_Problem to work on:_ Using the records below, transcribe exactly only the lines from the one with "Navigation Lab에서 쿼리의" through the end, both included, and drop every picture.

_Source data:_
• • •
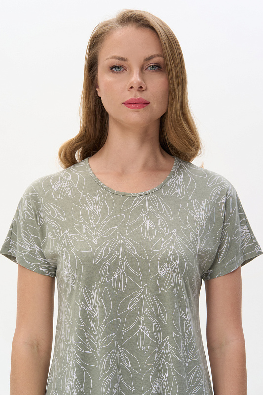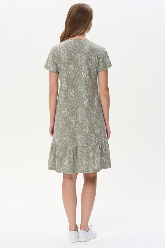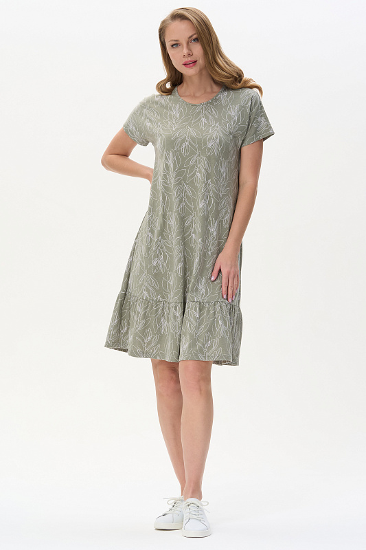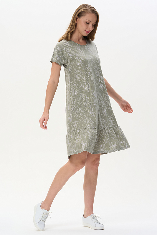 Платье из кулирки качества ПЕ 150 гр. Растительная графика на оливковом фоне. Модель свободная, А-образного силуэта, круглый вырез горловины обработан тонкой бейкой, короткие цельнокроенные рукава, в боковых швах карманы, по низу широкая оборка, длина до колен. Лёгкое, комфортное платье для дома и отдыха. Рост модели 175 см.
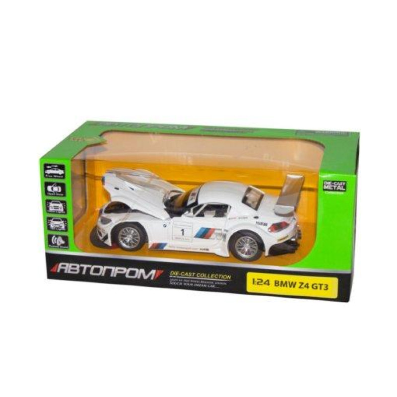 Машина метал. АВТОПРОМ, 1:24 BMW M6 GT3, синий цвет, на батарейках, свет, звук, откр.двери, капот, багаж. (68255B)
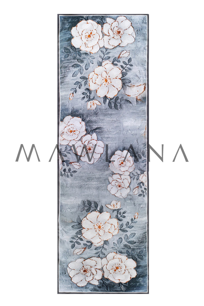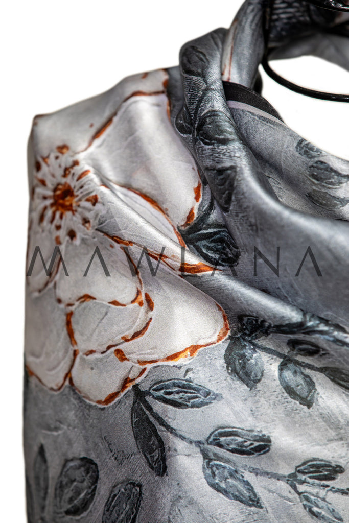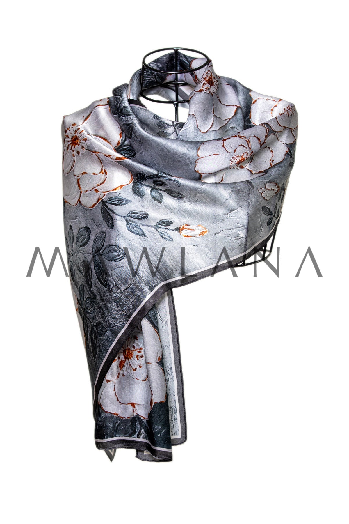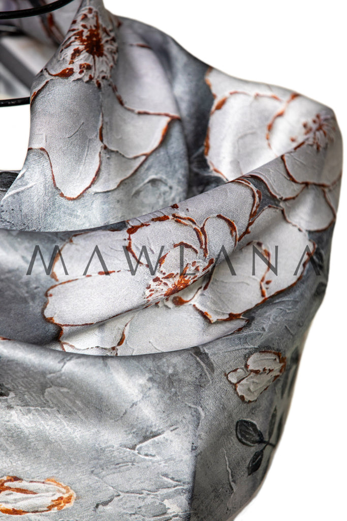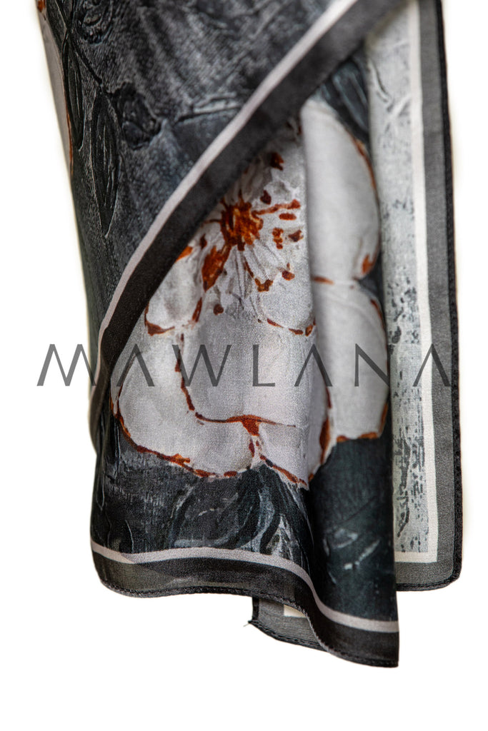 This scarf blends the strength of grey gradients with the softness of delicate white blossoms, resembling a hand-painted artwork on pure silk. The flowers bloom in fine detail over a moody, cloud-like background, creating an elegant balance between mystery and beauty. A refined artistic touch to elevate any outfit.
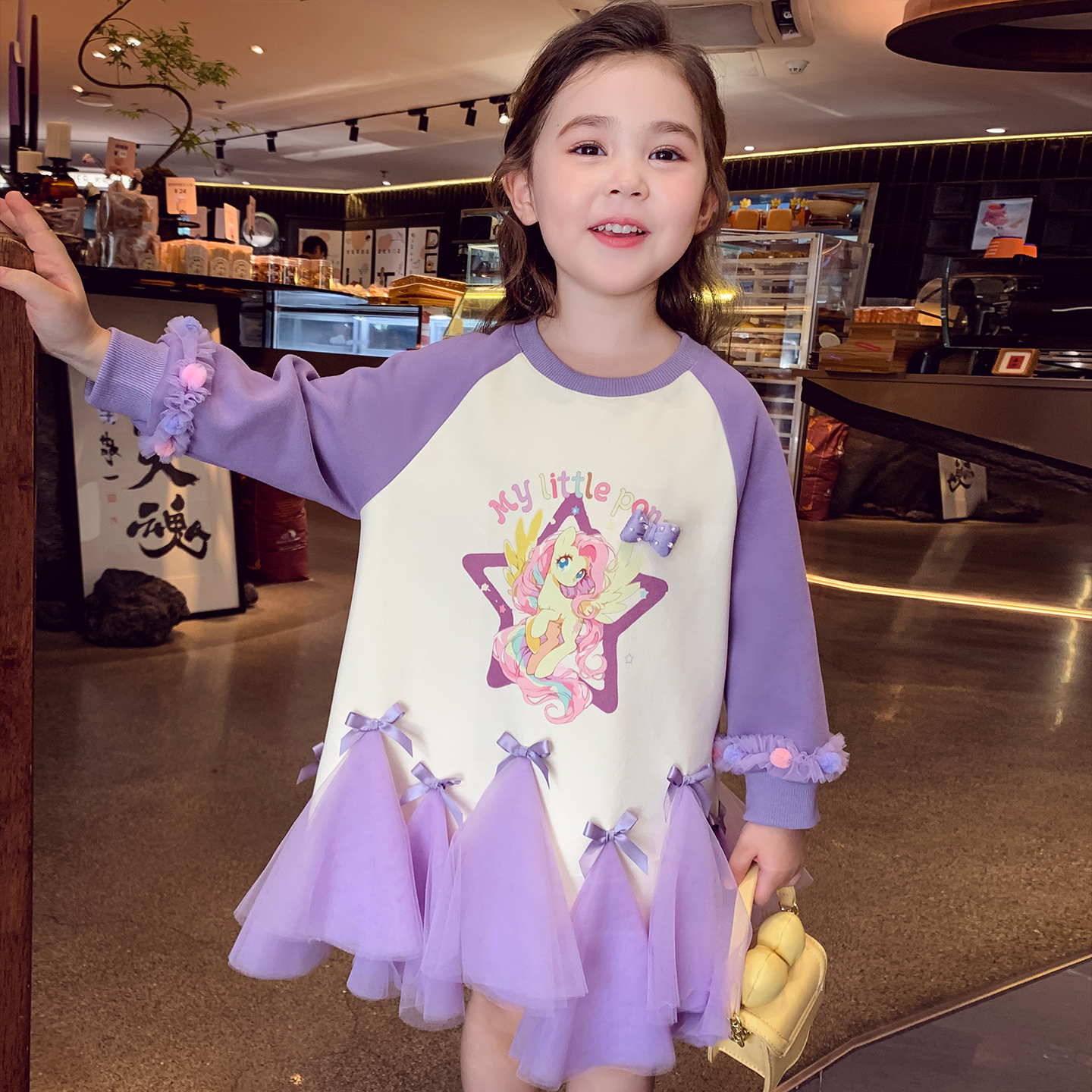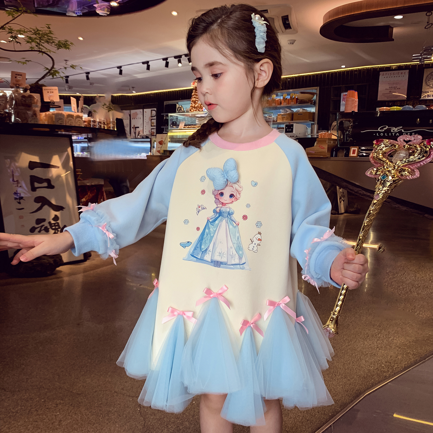 女童连衣裙秋装2025新款洋气儿童长袖拼接网纱卫衣裙小女孩公主裙
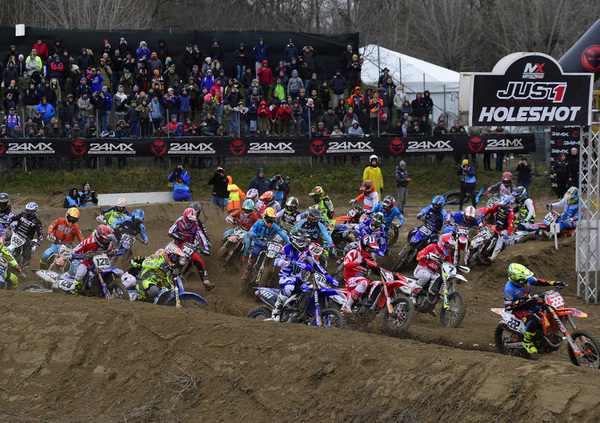 La MX2 ha registrato subito un colpo di scena che ha cambiato le sorti del titolo. Al termine del rettilineo di partenza, tra i tanti piloti finiti a terra c’è stato anche il leader Maxime Renaux, che si è rialzato con la leva del cambio rotta e quindi impossibilitato a difendere la sua tabella rossa, passata così a Michele Cervellin al quale è bastato il sesto posto per assicurarsi il titolo. La gara è andata all’ottimo pilota HRC Calvin Vlaanderen, che al primo passaggio ha scavalcato definitivamente lo svedese Alvin Ostlund il quale si è assicurato il posto d’onore finale davanti all’olandese e a Renaux.
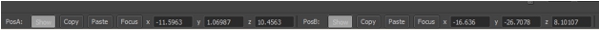 Navigation Lab에서 쿼리의 시작 및 끝점을 쉽게 검색할 수 있습니다. 주 창의 맨 아래에 Navigation Lab이 3D 공간의 A 및 B 마커의 위치를 나열합니다(Navigation 좌표계로 표현됨). Copy 버튼을 클릭하여 이러한 값을 클립보드에 복사합니다.
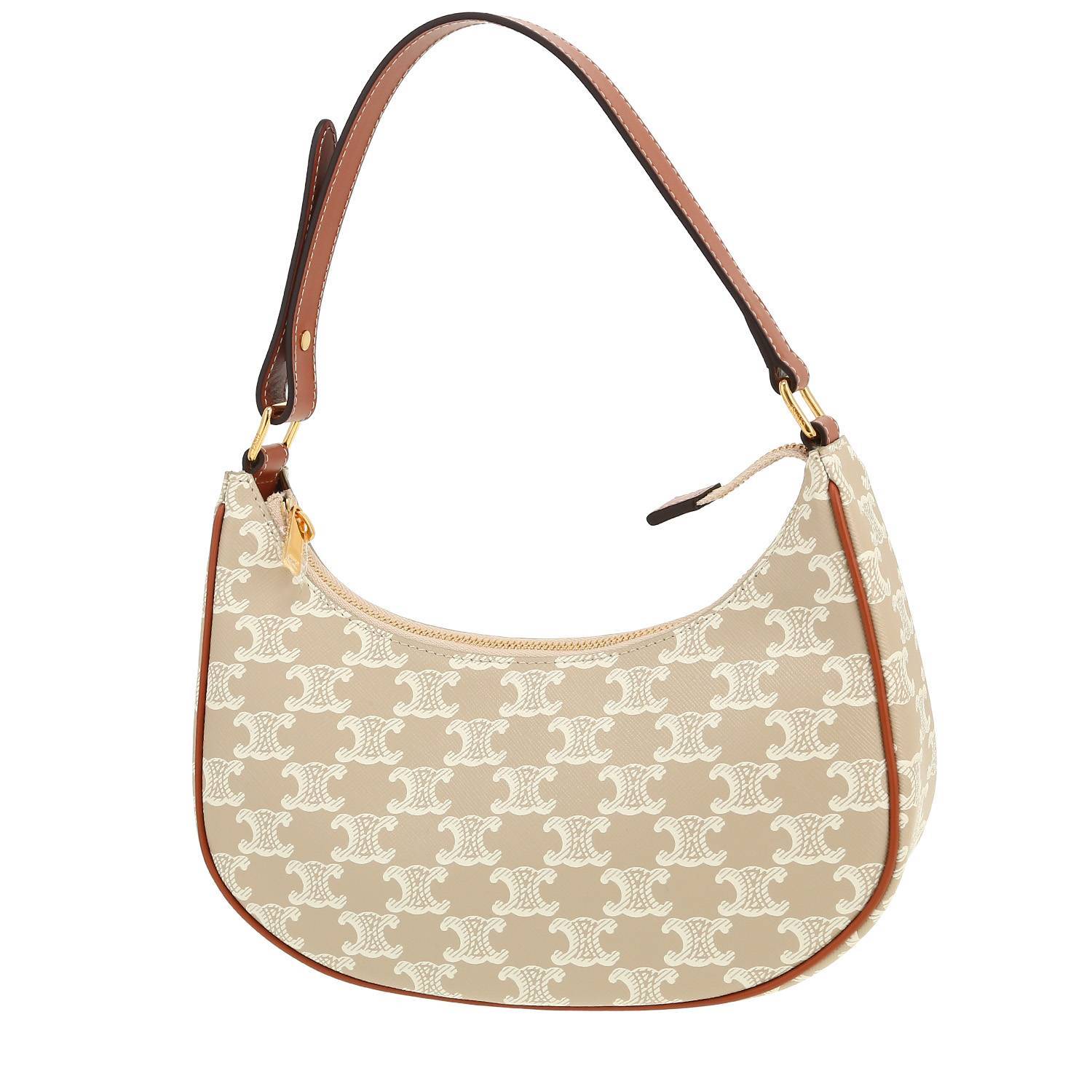 Bonito y codiciado bolso de mano Celine Ava modelo mediano de tejido "Triomphe" beige y cuero marrón, adorno en metal dorado, asa ajustable con 3 niveles de cuero marrón para llevar en la mano o al hombro.
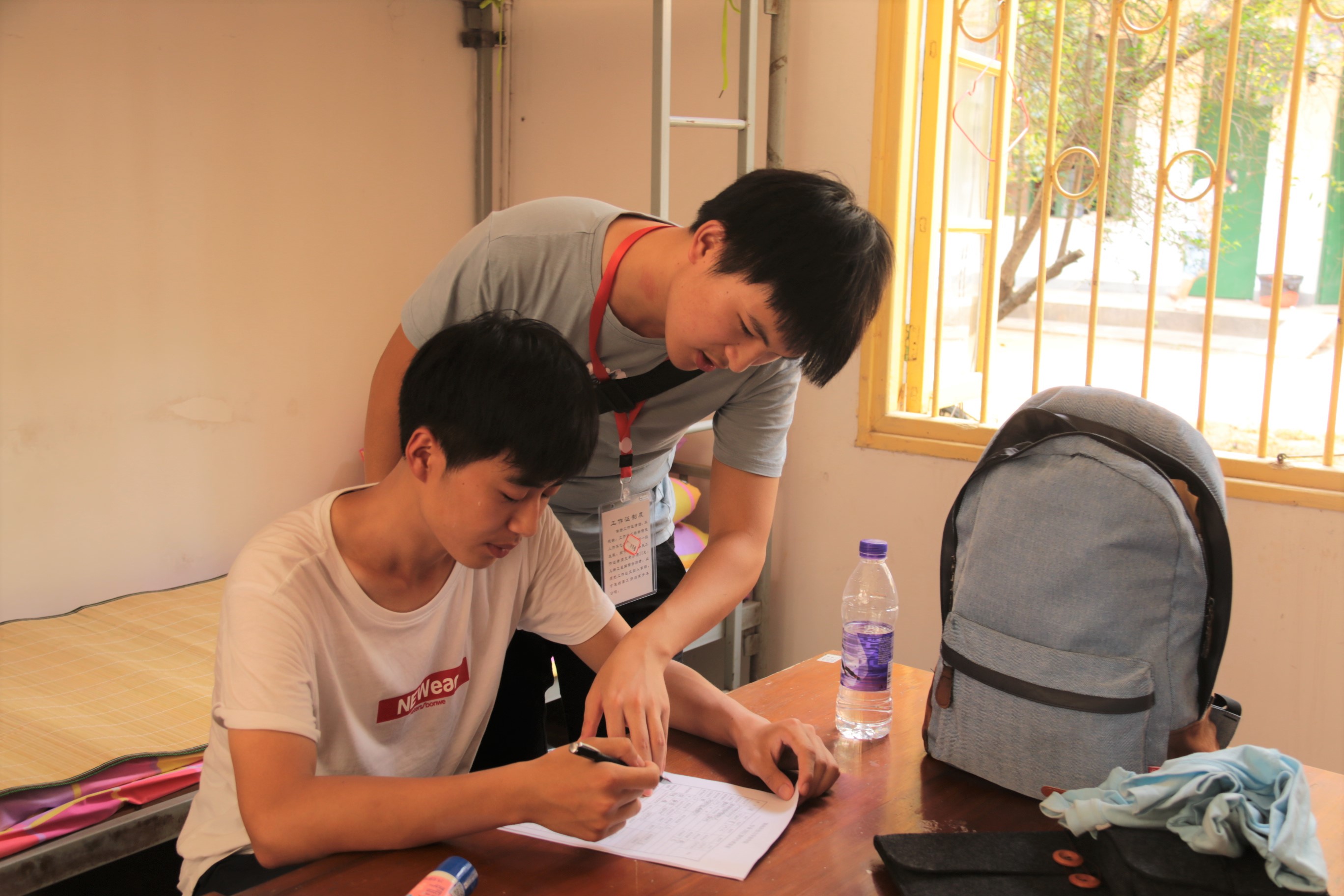 许多志愿者积极和新生联系,保证顺利接到新生把他们带到自己的宿舍。各班的新生助理班主任也在人群中穿梭,为的是找到新生分发钥匙并提醒一些注意事项。值班点的工作人员正积极为新生和家长解疑答惑,指引方向。宿舍区一片热闹氛围。
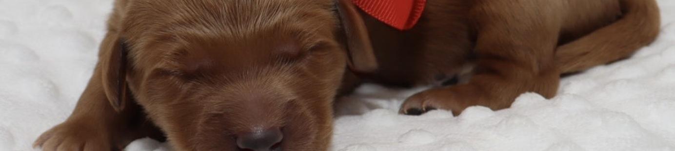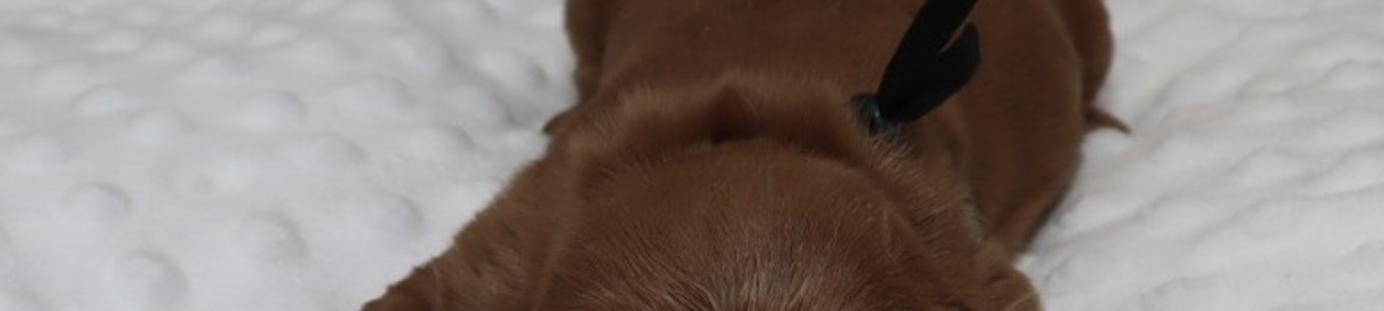 Darla is a perfect contribution to the reputation as one of the most beloved breeds, but her mahogany dark red color takes her allure to another level. With her deep, rich coat color, she stands out not only for her beauty but also for her exceptional temperament. She really brings so much joy and companionship to our family. We are proud to share her beautiful and healthy lineage with owners who appreciate these gentle happy souls, represented in the most stunning color.
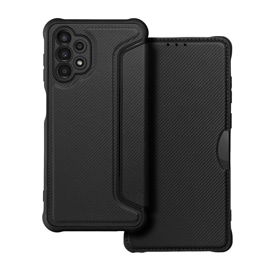 Luxusné zatváracie Puzdro RAZOR Book pre SAMSUNG A13 4G čierne je zárukou bezpečného používania telefónu v prestížnom štýle. Zosilnené okraje, mäkké vnútro a magnetické zapínanie chráni mobil pred poškriabaním a nárazmi.
• • •
_Answer to this exercise:_
 Navigation Lab에서 쿼리의 시작 및 끝점을 쉽게 검색할 수 있습니다. 주 창의 맨 아래에 Navigation Lab이 3D 공간의 A 및 B 마커의 위치를 나열합니다(Navigation 좌표계로 표현됨). Copy 버튼을 클릭하여 이러한 값을 클립보드에 복사합니다.
 Bonito y codiciado bolso de mano Celine Ava modelo mediano de tejido "Triomphe" beige y cuero marrón, adorno en metal dorado, asa ajustable con 3 niveles de cuero marrón para llevar en la mano o al hombro.
 许多志愿者积极和新生联系,保证顺利接到新生把他们带到自己的宿舍。各班的新生助理班主任也在人群中穿梭,为的是找到新生分发钥匙并提醒一些注意事项。值班点的工作人员正积极为新生和家长解疑答惑,指引方向。宿舍区一片热闹氛围。
 Darla is a perfect contribution to the reputation as one of the most beloved breeds, but her mahogany dark red color takes her allure to another level. With her deep, rich coat color, she stands out not only for her beauty but also for her exceptional temperament. She really brings so much joy and companionship to our family. We are proud to share her beautiful and healthy lineage with owners who appreciate these gentle happy souls, represented in the most stunning color.
 Luxusné zatváracie Puzdro RAZOR Book pre SAMSUNG A13 4G čierne je zárukou bezpečného používania telefónu v prestížnom štýle. Zosilnené okraje, mäkké vnútro a magnetické zapínanie chráni mobil pred poškriabaním a nárazmi.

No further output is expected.